Now, of course, a fourth generation is growing up, more of whom in the scheme of nature are likely to live as long, and even longer, than the great grandparents, who some may just remember when they reach adulthood. By then, those lives and memories will be part of the history of India. This last, of my lifetime at least, generation is growing up in a transformed world and an India so different from one a hundred years ago as to be almost unrecognizable except in areas remote from the big cities. The poor, after all, are still poor, poorer it appears than before in comparison to so much wealth now on show amongst glittery communities for whom pointless conspicuous consumption has become a life statement.
But this is not a piece about the poor but rather about those rich in mind whose aspirations also included the masses, whatever the caste and creed.
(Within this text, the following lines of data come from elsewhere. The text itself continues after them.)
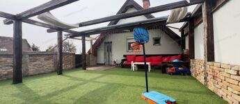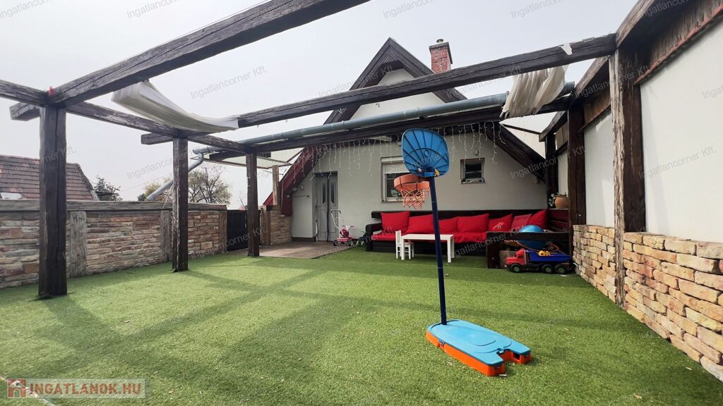 Saját körbe kerített 176nm kert, melyben gyümölcs fák találhatóak, gyerek játszótér, csúszda, fűszer kert, trambulin, nyáron medence.
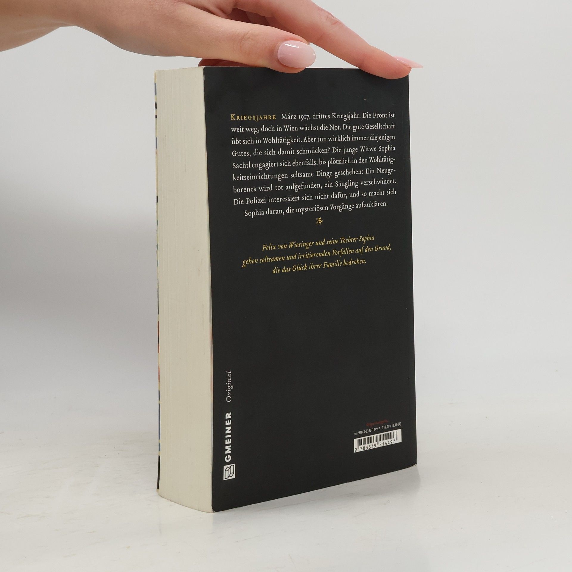 März 1917, drittes Kriegsjahr. Die Front ist weit weg, doch die Not wächst in Wien. Die gute Gesellschaft übt sich in Wohltätigkeit. Aber tun die immer wirklich Gutes, die sich damit schmücken? Die junge Witwe Sophia Sachtl engagiert sich ebenfalls, bis plötzlich in den Wohltätigkeitseinrichtungen seltsame Dinge geschehen: Ein Neugeborenes wird tot aufgefunden, ein Säugling verschwindet. Die Polizei interessiert sich nicht dafür und so macht sich Sophia daran, die mysteriösen Vorgänge aufzuklären.
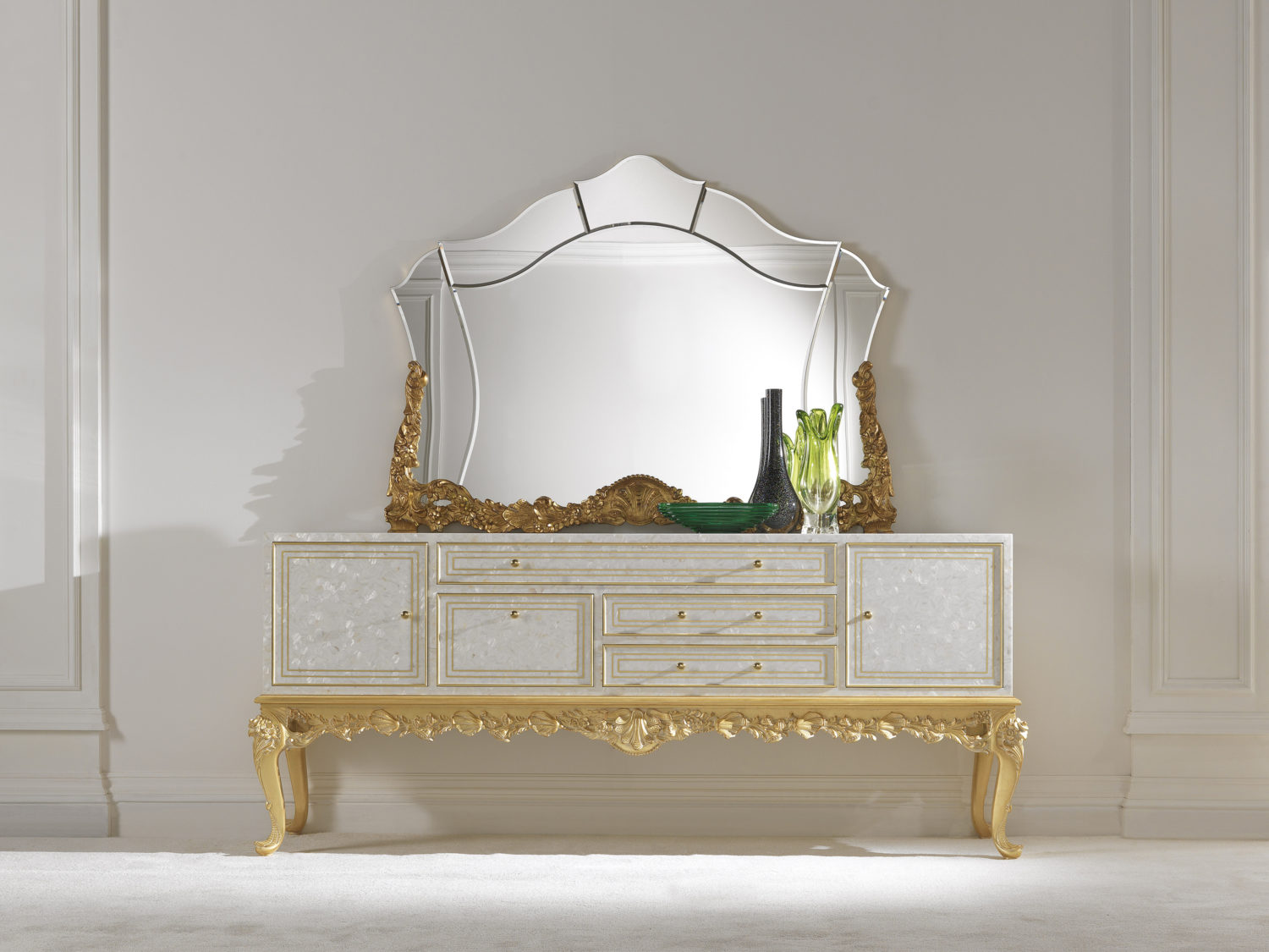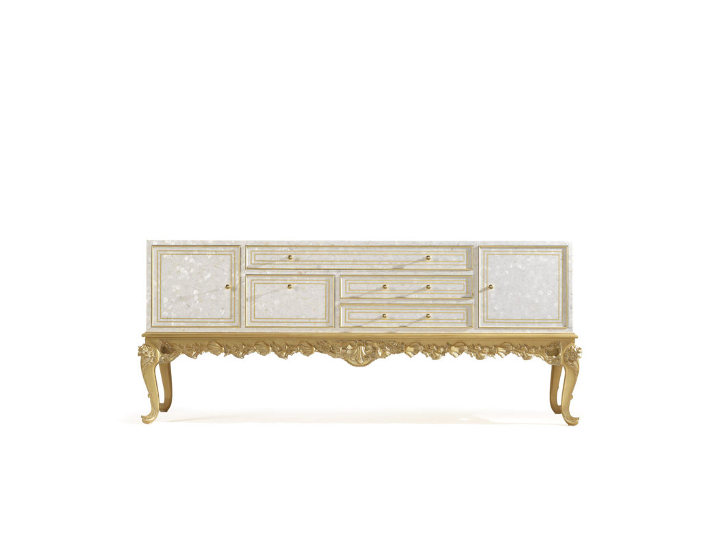 餐具柜采用多层木材和珍珠母结构。手工制作的金色装饰品。手工雕刻底座。
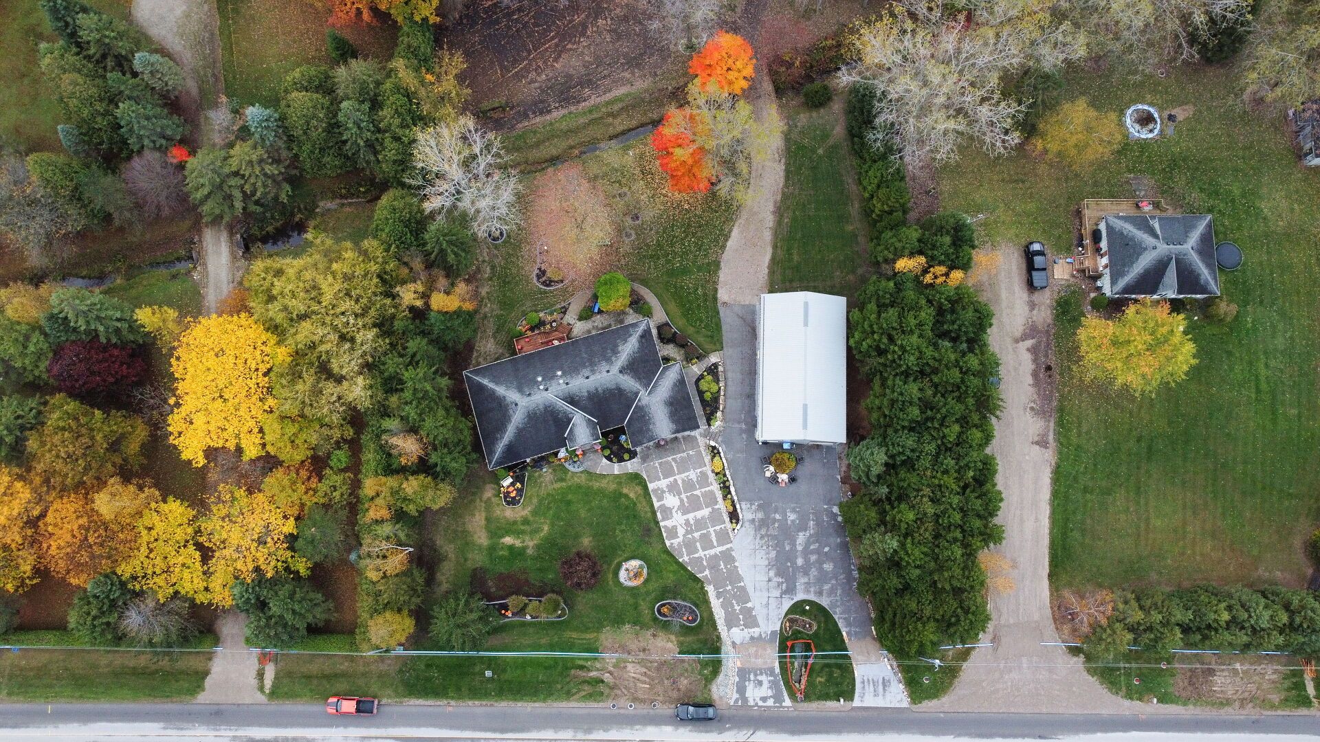 Grand bend ! Located on a quiet paved road just minutes north of town and close to the beach! This custom built ranch style home is situated on 3. 593 acres offering the ultimate in privacy. The yard is like a park with walkways and park benches throughout the treed and grassed areas. The heated shop ( 32'6" x 56') features high ceilings, in floor heating, fully insulated, hot and cold water and is serviced by a fresh concrete driveway and stone retaining wall. Ideal for car enthusiasts , handy man or a home business . This 3 +1 bedroom house plan is 2133 square feet on the main floor with an additional 1323 square feet of finished area in the basement. Special features include a huge main floor laundry/ sewing room, an updated kitchen( 2021) with separate dinette overlooking the rear yard as well as a full formal dining room. The great room has 10 foot tray ceilings and a gas fireplace. The spa like 5 pc bathroom with ensuite privileges was updated in 2024 along with the main floor 3 pc bathroom. The lower level is bright and open with high ceilings and lots of windows. Open concept family room and games room is 58 feet wide! The lower level floors feature luxurious in-floor heating! This home has been meticulously maintained and updated thought ! A short list of special features included: central vacuum system, owned hot water heater and water softener in 2024, phantom screens in the doors , huge sundeck refinished 2025 , high speed fibre optic internet and much, much more! All of this, and you're still just minutes to the beaches, grocery store & just a stones throw from the playhouse & winery! Contact listing agent for complete list of extras and upgrades.
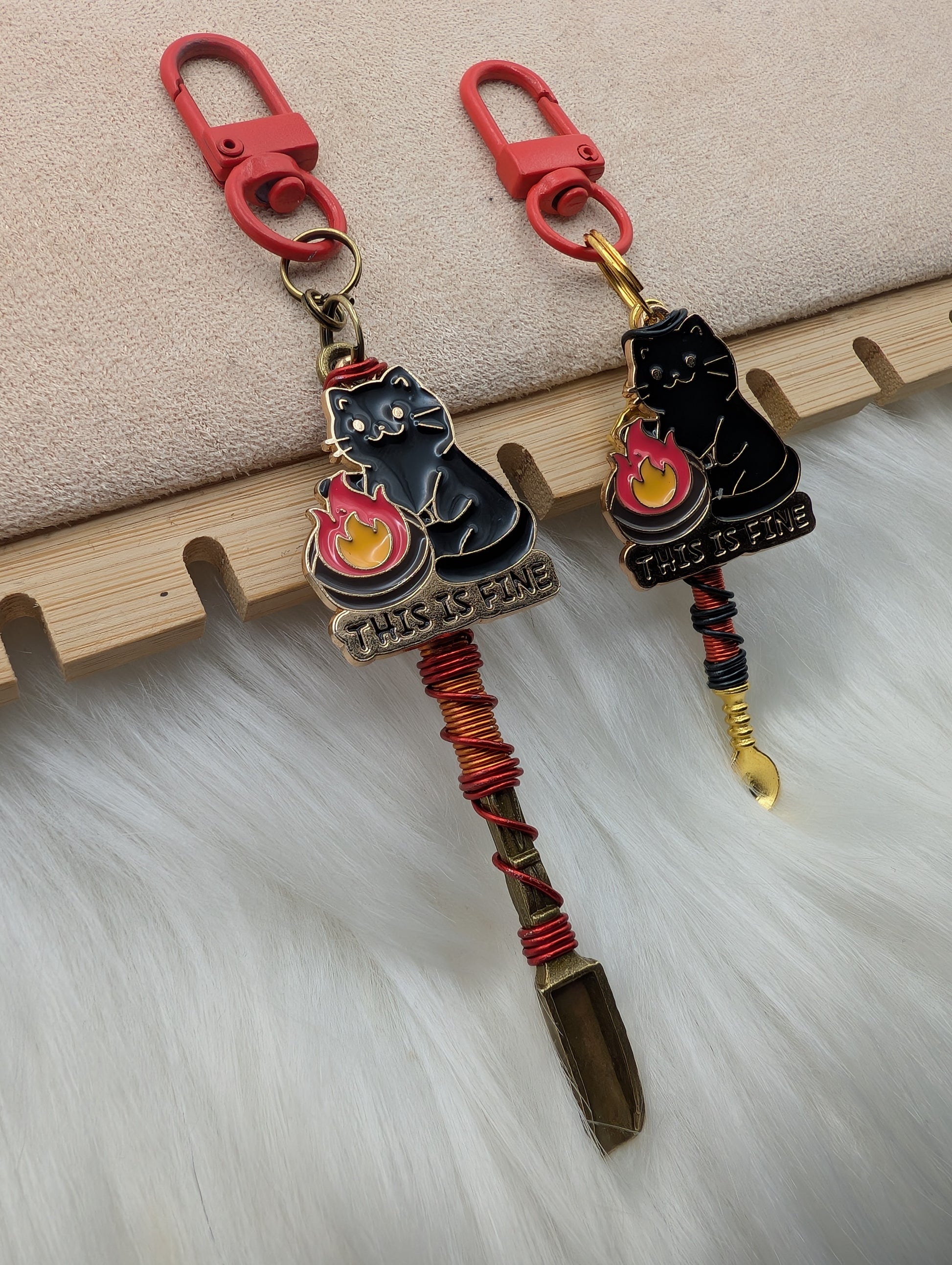 For those moments when everything is on fire but the vibe is still intact. This handmade mini spoon features a black cat sitting calmly in front of flames with the iconic “this is fine” text, capturing that perfectly relatable energy we all know a little too well.
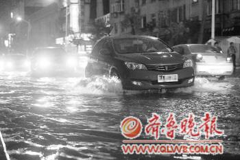 9日晚8時,濟南少年路低洼地區積水較重,車輛涉險通過。 本報記者 楊寧 攝

Their message has been dissipated or, where remembered, seen as impossible against a political background that is also more about personal wealth than public welfare. Will the fourth generation have the time in a busy life to stop and remember what their great grandparents fought for? It is possible. They have a heritage that now includes both mental and monetary wealth to provide the security and the self-confidence needed to look backwards as well as forward. They have the safety net from which to launch change without fear.
The remaining question is whether they will have the will, and there one can only hope. One can hope too that they may go beyond their parents’ aspirations to greater material wealth and look back to their great grandparents’ aspirations for a better country and lifestyle for all. They can re-engage with, and force change in, the governance of the country. They may be the next turning point. They could be the ones who will understand and build on the heritage while cauterizing the horrors of a century or so and three earlier generations. They could be the ones, uncorrupted and incorruptible, who will see India in all its richness of colour and culture rise undimmed by endless scandal. With its huge, essentially-creative and potentially extraordinarily motivated and skilled population India, should be one of the great powers in the next hundred years but not until its feet are cleaned of the present mire.